INRG Solar has been granted a development consent order (DCO) for its 150MWp Little Crow Solar Farm.
It is the second solar Nationally Significant Infrastructure Project (NSIP) to be granted such by the Planning Inspectorate, following on from the 350MW Cleve Hill Solar Farm, which was approved in May 2020. That has since been acquired by Quinbrook and renamed Project Fortress, with construction expected to start in H2 2022.
The Hampshire-based solar developer registered the Little Crow Solar Farm – which is designated as a NSIP due to being over 50MW – in 2018, ahead of it being submitted to the Planning Inspectorate on 4 December 2020 and accepted for Examination on 23 December 2020.
Since then, the public and interested parties have been able to give evidence on the proposed development, which has been considered by the Planning Inspectorate ahead of its recommendations. These were made to the Secretary of State, who granted development consent on 5 April 2022.
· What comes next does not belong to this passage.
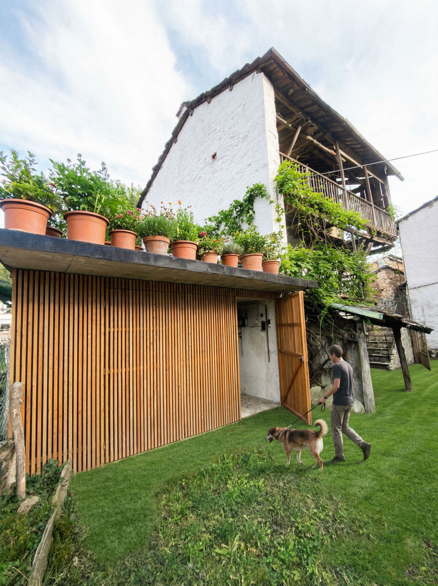PromptPer il mascheramento della facciata basso fabbricato Inserire listelli di legno verticali posizionati a filo con possibilità di aprire portone . Sopra il basso fabbricato mettere vasi di terracotta con piante . Prato davantoi edifici curato . Inserire persone con cane , keep exact camera angle

The solar farm site covers 226 hectares, with the arrays consisting of 356,670 solar panels set to cover 153 hectares of this. Along with the solar power, there will be a battery energy storage system (BESS) installed onsite, with output of up to 90MW.
Little Crow Solar Farm, which is located in Lincolnshire, about 2.5km northwest of the village of Broughton and directly to the east of the British steelworks at Scunthorpe, is expected to have a lifespan of 35 years.
Interest in solar NSIP’s has picked up over the last couple of years, with nine registered with the Planning Inspectorate. This includes Windel Energy and Canadian Solar’s 350MW Mallard Pass Solar Farm, Ecotricity’s Heckington Fen Solar Park, Evolution Power’s 165MW solar and storage in Kent, Low Carbon’s 500MW Gate Burton solar and energy storage park in Lincolnshire, Island Green Power’s 600MW solar project, Longfield Solar Energy Farm in Essex and BayWa r.e.’s 163MW Oaklands Solar Farm.